*Records for this exercise*
☆ ☆ ☆ ☆
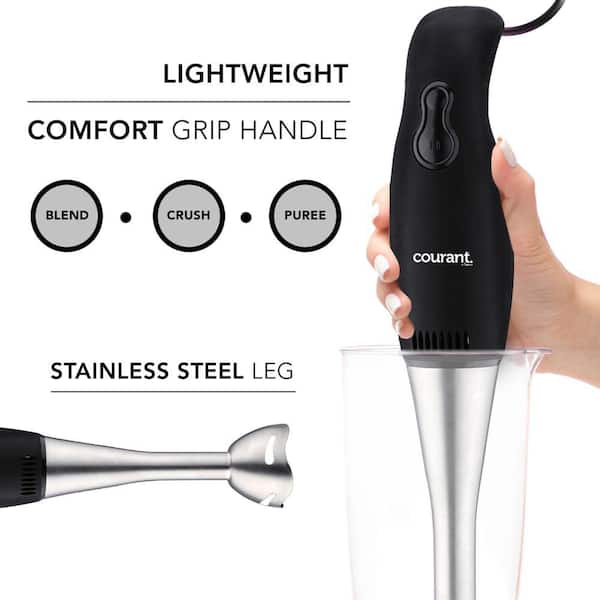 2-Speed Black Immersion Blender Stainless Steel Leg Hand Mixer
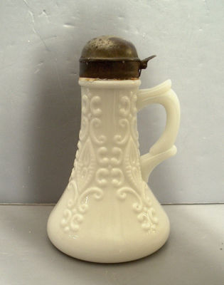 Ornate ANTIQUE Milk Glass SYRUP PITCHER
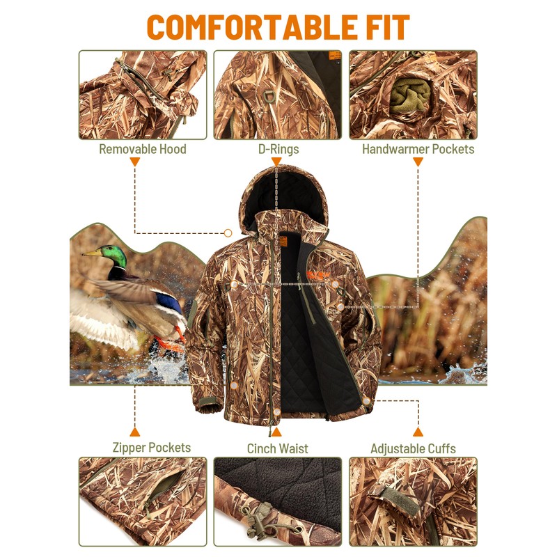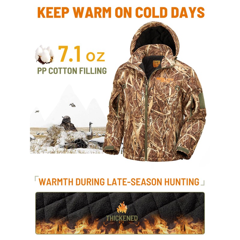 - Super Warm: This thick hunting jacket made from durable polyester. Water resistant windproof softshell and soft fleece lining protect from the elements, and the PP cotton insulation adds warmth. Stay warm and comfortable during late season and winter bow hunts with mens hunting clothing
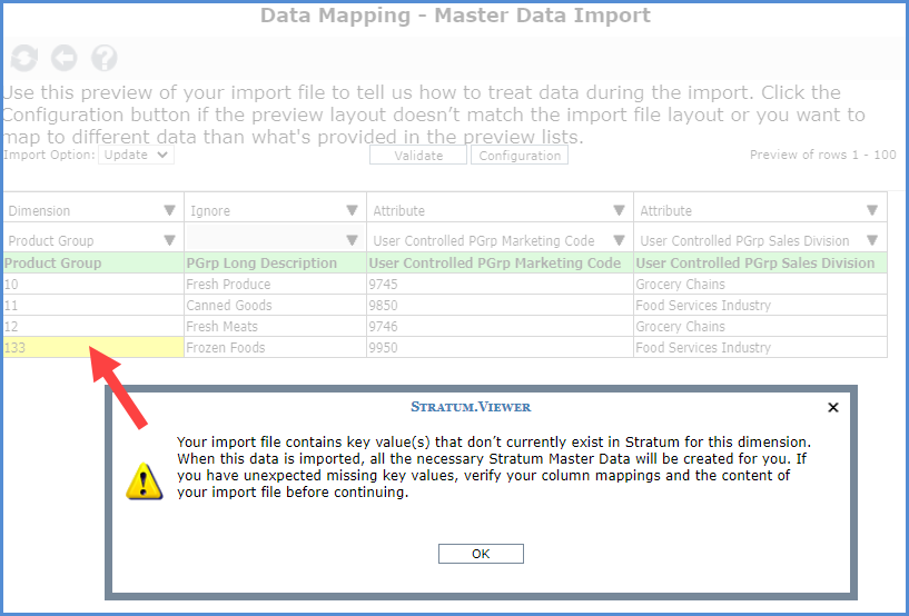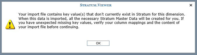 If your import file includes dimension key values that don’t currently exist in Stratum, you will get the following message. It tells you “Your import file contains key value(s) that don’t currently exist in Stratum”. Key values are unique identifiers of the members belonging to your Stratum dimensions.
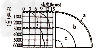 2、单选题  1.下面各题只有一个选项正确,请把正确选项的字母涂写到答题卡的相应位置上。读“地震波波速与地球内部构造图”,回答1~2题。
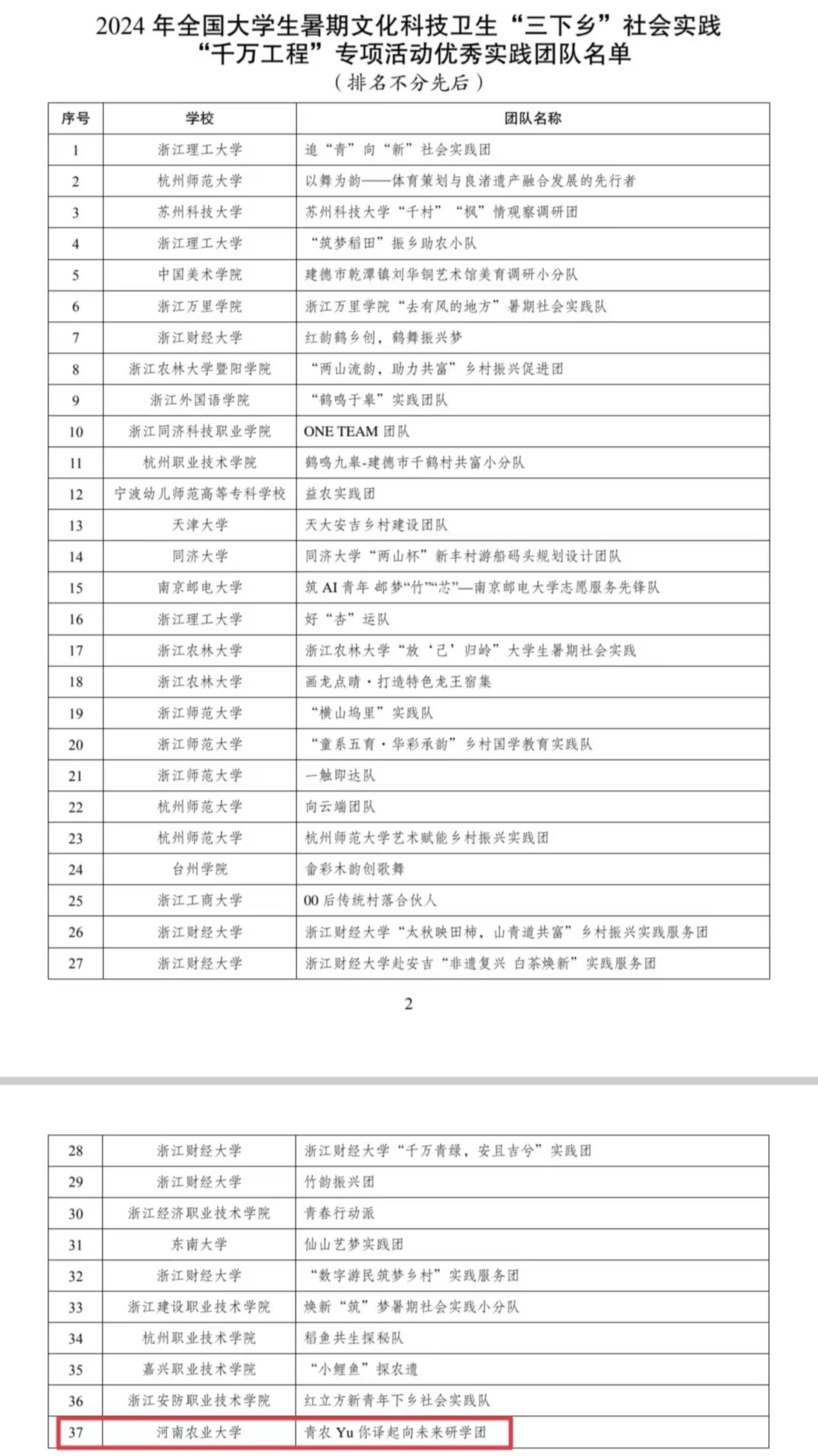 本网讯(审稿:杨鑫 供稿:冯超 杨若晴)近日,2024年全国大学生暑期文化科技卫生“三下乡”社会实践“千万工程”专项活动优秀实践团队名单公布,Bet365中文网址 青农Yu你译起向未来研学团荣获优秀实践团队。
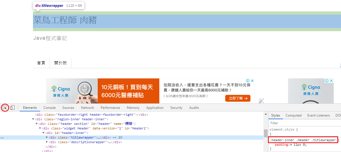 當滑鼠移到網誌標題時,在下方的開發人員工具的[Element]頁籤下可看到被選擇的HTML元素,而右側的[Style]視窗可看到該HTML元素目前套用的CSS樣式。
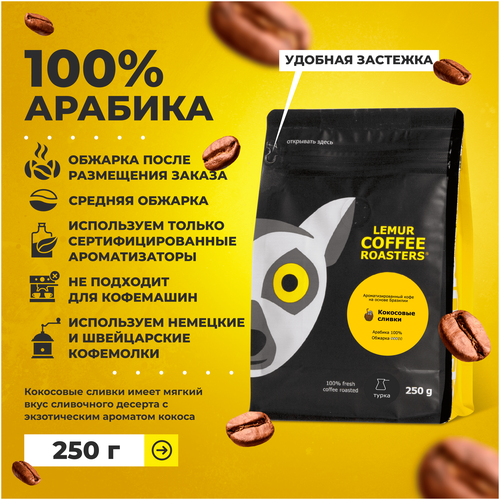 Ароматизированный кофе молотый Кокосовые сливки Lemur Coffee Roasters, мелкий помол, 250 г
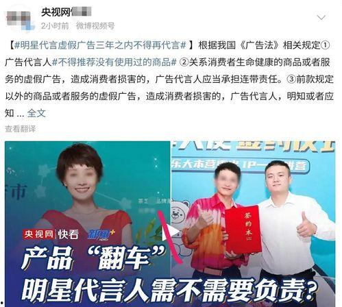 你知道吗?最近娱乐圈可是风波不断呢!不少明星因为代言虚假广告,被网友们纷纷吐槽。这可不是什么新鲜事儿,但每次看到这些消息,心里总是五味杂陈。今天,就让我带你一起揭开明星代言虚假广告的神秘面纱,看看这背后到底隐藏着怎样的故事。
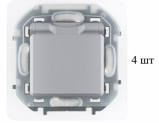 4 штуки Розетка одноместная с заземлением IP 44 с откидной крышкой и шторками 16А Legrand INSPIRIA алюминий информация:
☆ ☆ ☆ ☆
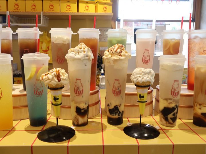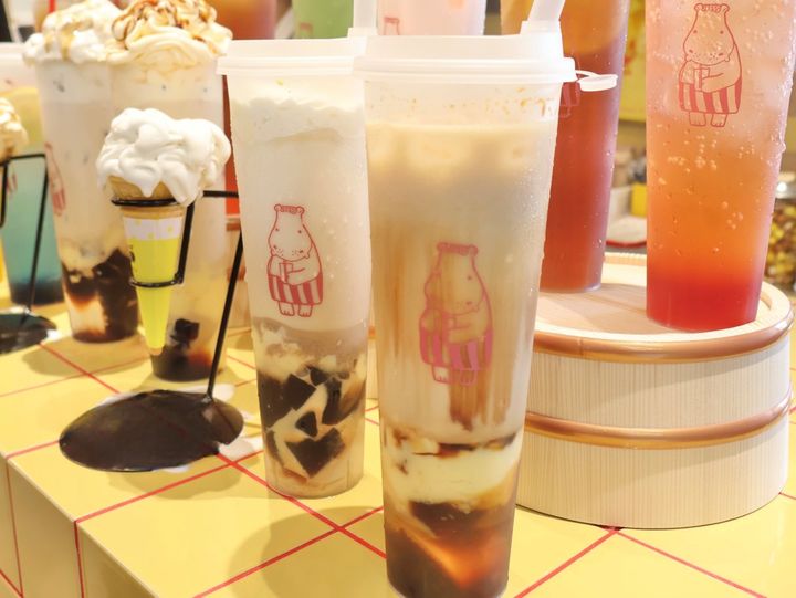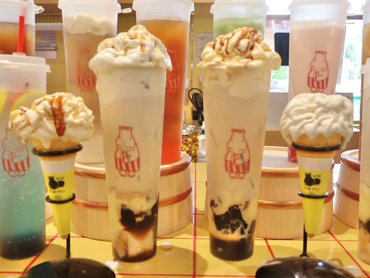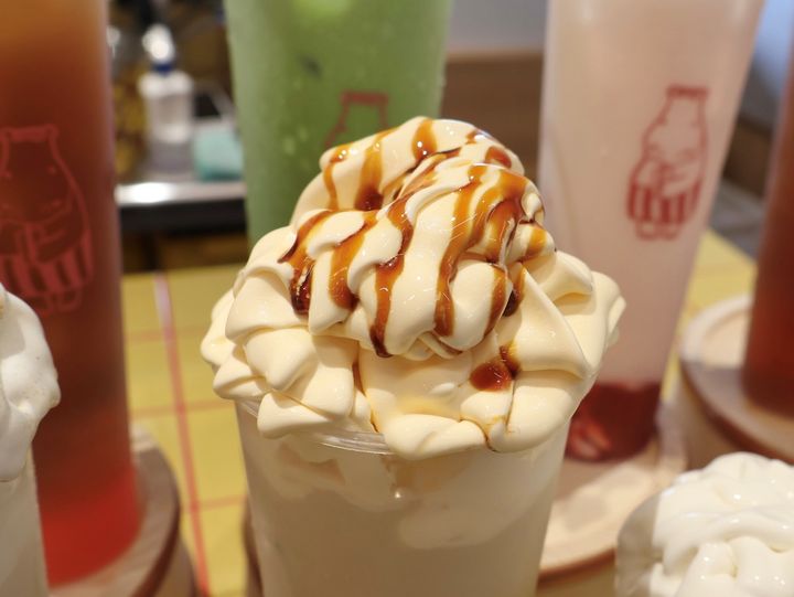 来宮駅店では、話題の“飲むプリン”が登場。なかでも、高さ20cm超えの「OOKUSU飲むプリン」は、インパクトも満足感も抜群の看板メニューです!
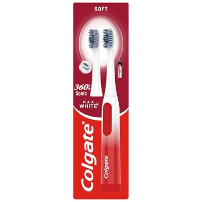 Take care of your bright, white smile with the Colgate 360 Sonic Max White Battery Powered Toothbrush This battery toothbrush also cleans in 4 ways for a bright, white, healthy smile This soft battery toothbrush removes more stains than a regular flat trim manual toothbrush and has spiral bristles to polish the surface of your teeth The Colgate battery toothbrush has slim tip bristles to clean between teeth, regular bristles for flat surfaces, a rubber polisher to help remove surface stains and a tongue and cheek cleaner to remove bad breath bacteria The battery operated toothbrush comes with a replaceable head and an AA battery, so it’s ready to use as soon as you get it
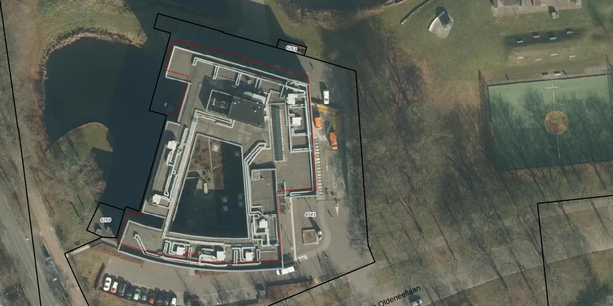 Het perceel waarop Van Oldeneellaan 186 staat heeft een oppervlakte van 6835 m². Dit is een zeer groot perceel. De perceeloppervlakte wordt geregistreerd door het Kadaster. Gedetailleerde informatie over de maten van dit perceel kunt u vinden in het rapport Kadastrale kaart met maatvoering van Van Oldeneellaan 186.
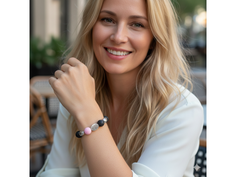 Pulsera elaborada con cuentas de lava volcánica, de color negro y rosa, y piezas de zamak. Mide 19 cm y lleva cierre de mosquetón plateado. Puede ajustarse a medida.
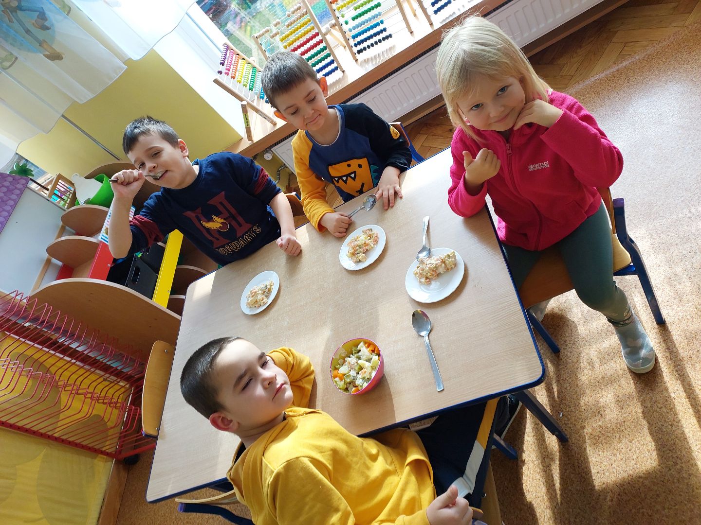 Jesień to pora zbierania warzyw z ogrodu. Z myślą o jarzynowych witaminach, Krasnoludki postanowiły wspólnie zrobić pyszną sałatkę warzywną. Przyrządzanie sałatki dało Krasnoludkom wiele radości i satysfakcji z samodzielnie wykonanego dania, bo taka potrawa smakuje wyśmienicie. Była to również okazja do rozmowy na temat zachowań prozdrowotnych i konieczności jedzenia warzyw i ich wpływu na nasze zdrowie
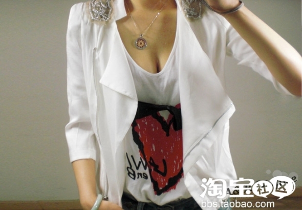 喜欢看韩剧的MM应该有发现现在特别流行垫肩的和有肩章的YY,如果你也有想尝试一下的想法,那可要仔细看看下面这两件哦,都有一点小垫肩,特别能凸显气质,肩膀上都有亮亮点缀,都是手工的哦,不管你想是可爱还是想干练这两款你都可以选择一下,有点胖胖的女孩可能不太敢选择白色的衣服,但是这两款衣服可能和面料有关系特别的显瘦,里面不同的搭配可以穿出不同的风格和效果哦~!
☆ ☆ ☆ ☆
In the listing above, find the line holding "2-Speed Black Immersion" and the line holding "- Super Warm: This". Reproduce those two lines and all between them exactly, leaving out pictures.

*Completed exercise*
 2-Speed Black Immersion Blender Stainless Steel Leg Hand Mixer
 Ornate ANTIQUE Milk Glass SYRUP PITCHER
 - Super Warm: This thick hunting jacket made from durable polyester. Water resistant windproof softshell and soft fleece lining protect from the elements, and the PP cotton insulation adds warmth. Stay warm and comfortable during late season and winter bow hunts with mens hunting clothing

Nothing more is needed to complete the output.